WHAT IS NEEDED: Transcribe exactly everything in the data below from the line containing "1872 $20 State" down to the line containing "Великолепный письменный стол", both lines included and nothing further.

DATASET ENTRIES:
^^^^

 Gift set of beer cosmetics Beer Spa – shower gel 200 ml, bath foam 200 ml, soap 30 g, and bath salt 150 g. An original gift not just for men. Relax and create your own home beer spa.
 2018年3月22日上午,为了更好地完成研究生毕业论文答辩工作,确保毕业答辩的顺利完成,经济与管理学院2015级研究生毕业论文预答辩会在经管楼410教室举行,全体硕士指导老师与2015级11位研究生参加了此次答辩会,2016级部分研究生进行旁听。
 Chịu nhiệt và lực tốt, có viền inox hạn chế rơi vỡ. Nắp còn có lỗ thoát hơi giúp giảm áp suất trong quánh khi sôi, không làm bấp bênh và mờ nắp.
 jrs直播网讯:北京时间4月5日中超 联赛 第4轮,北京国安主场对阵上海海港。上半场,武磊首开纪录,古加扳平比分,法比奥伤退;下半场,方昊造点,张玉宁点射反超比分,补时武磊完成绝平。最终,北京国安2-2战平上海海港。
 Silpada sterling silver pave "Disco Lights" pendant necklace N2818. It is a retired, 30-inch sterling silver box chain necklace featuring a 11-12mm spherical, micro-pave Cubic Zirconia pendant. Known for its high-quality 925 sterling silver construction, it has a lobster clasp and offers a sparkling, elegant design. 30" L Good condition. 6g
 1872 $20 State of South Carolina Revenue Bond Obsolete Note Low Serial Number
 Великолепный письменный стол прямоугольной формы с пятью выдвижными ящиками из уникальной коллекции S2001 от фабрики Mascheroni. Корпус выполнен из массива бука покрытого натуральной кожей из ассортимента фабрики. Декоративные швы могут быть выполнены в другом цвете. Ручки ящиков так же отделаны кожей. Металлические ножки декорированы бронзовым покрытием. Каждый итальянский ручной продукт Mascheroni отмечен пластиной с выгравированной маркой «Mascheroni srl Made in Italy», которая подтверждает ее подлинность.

^^^^

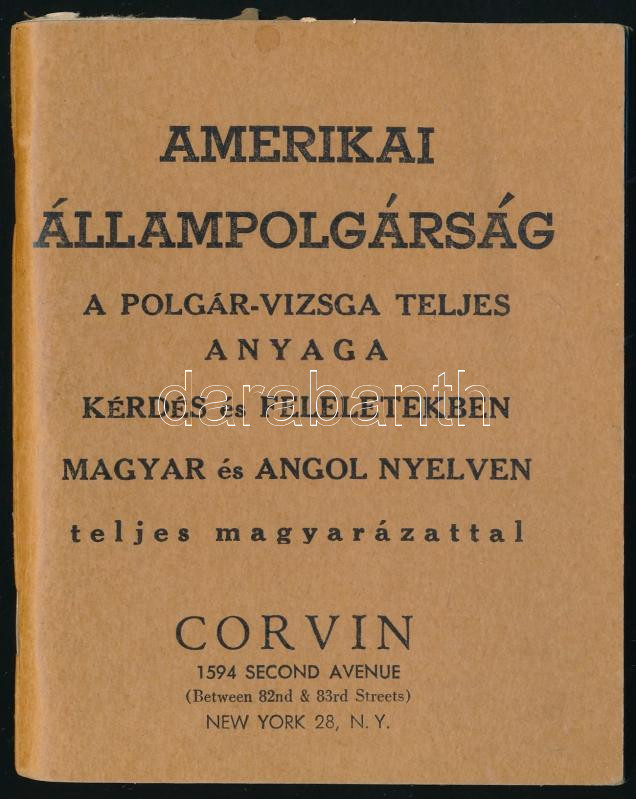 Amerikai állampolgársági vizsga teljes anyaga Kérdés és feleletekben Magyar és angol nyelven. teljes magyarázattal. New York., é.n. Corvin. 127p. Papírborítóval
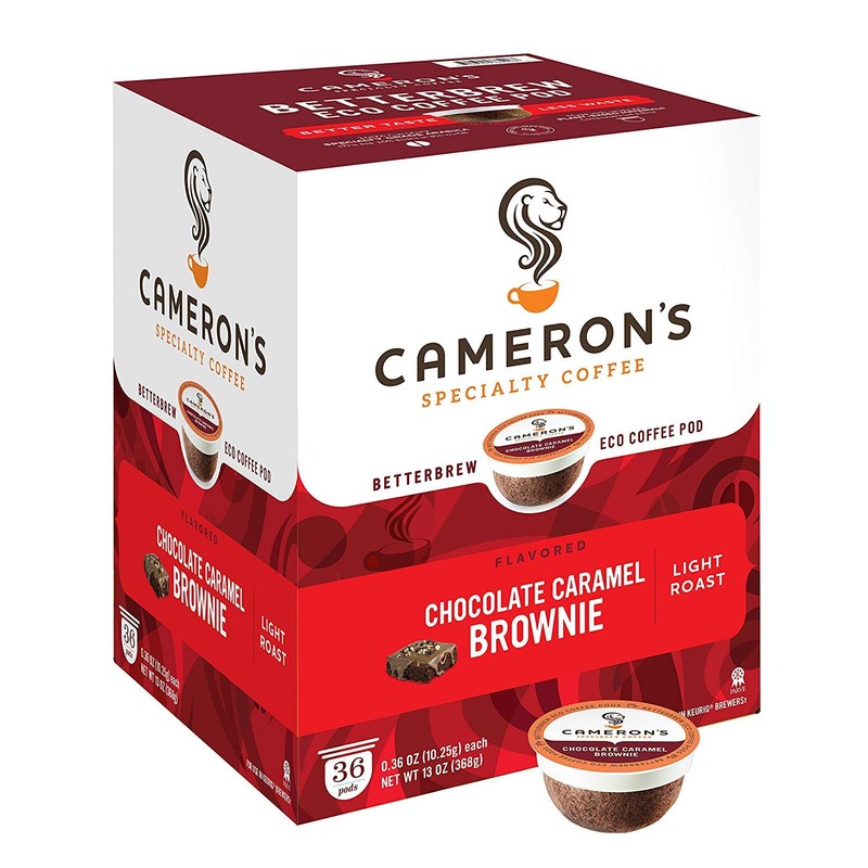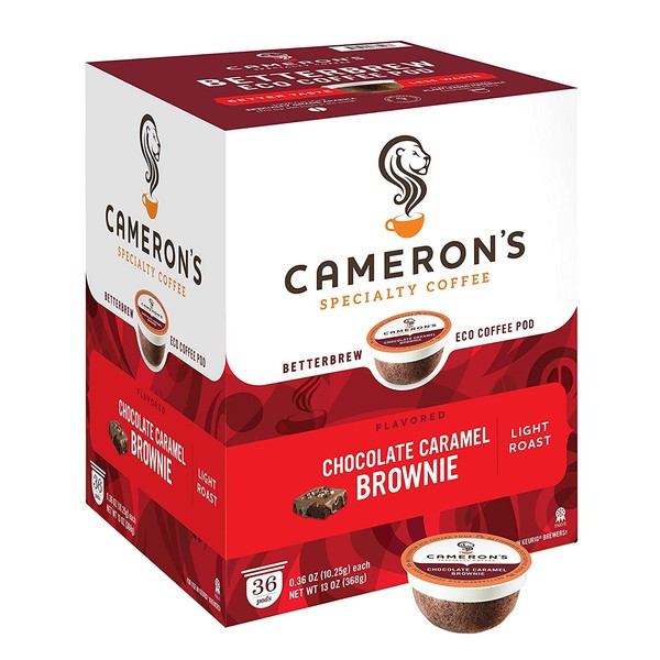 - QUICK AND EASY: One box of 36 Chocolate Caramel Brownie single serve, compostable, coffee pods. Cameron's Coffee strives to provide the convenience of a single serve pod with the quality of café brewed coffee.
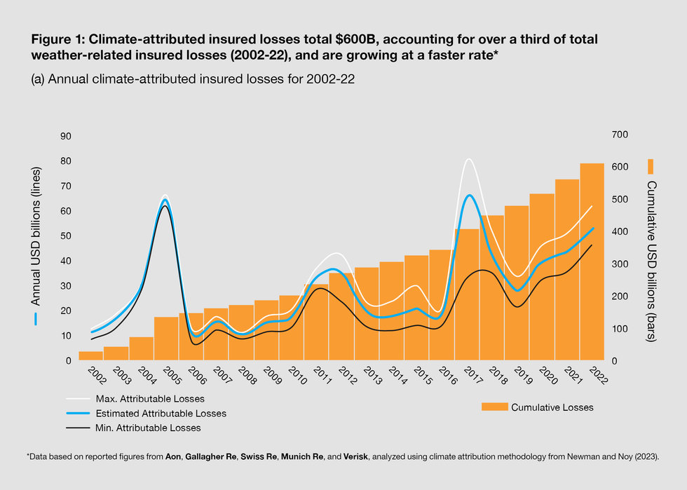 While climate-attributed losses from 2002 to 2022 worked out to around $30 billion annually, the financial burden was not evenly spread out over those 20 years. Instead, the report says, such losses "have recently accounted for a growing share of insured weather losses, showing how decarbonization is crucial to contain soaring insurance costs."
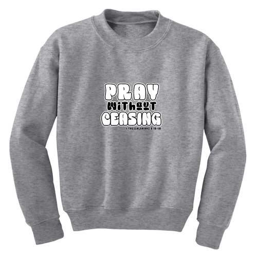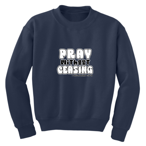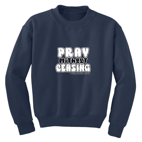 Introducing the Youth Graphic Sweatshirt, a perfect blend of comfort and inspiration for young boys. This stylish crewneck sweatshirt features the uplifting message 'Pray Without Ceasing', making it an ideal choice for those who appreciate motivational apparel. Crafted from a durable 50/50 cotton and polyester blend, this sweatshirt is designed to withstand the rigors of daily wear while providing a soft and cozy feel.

^^^^

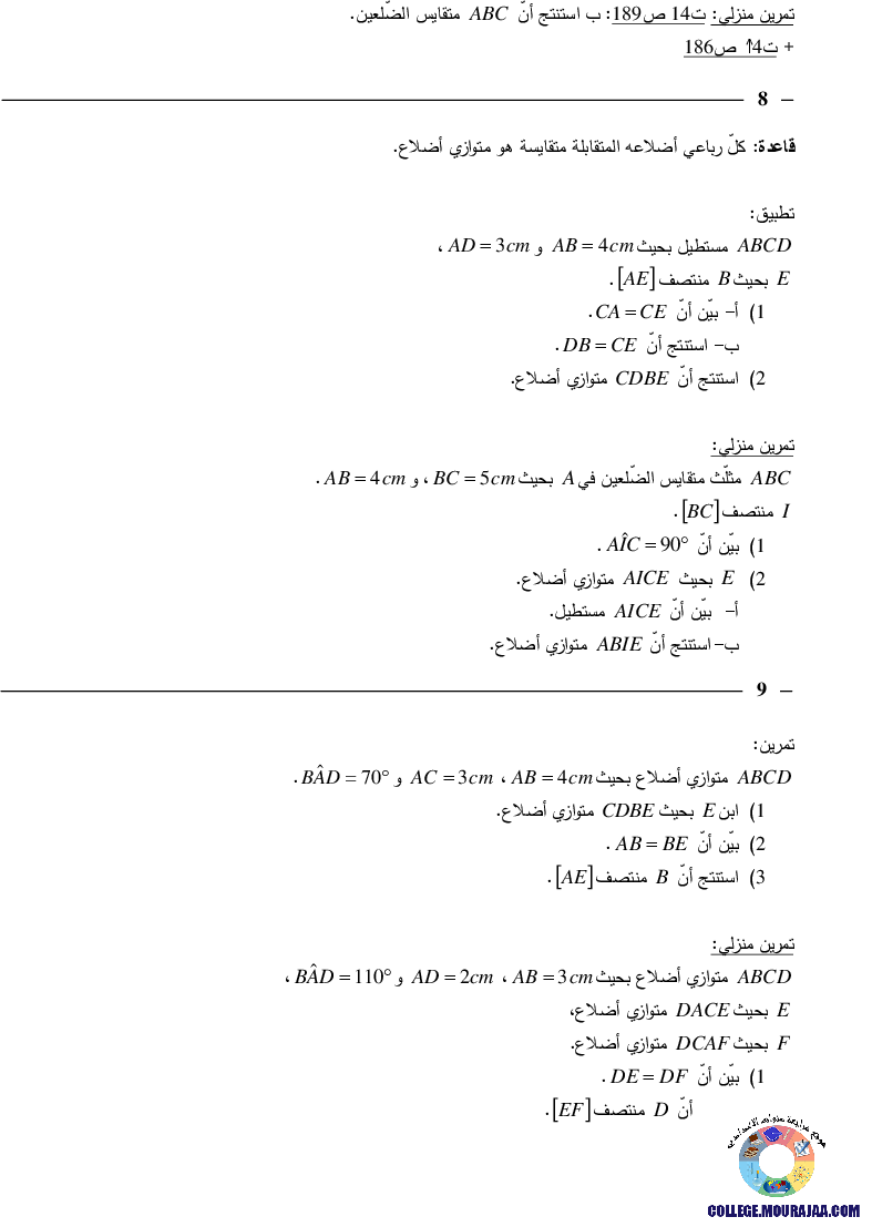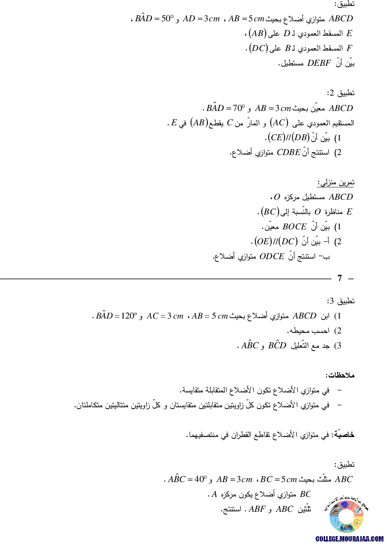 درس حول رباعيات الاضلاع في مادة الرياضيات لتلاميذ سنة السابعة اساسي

^^^^

SOLUTION:
 1872 $20 State of South Carolina Revenue Bond Obsolete Note Low Serial Number
 Великолепный письменный стол прямоугольной формы с пятью выдвижными ящиками из уникальной коллекции S2001 от фабрики Mascheroni. Корпус выполнен из массива бука покрытого натуральной кожей из ассортимента фабрики. Декоративные швы могут быть выполнены в другом цвете. Ручки ящиков так же отделаны кожей. Металлические ножки декорированы бронзовым покрытием. Каждый итальянский ручной продукт Mascheroni отмечен пластиной с выгравированной маркой «Mascheroni srl Made in Italy», которая подтверждает ее подлинность.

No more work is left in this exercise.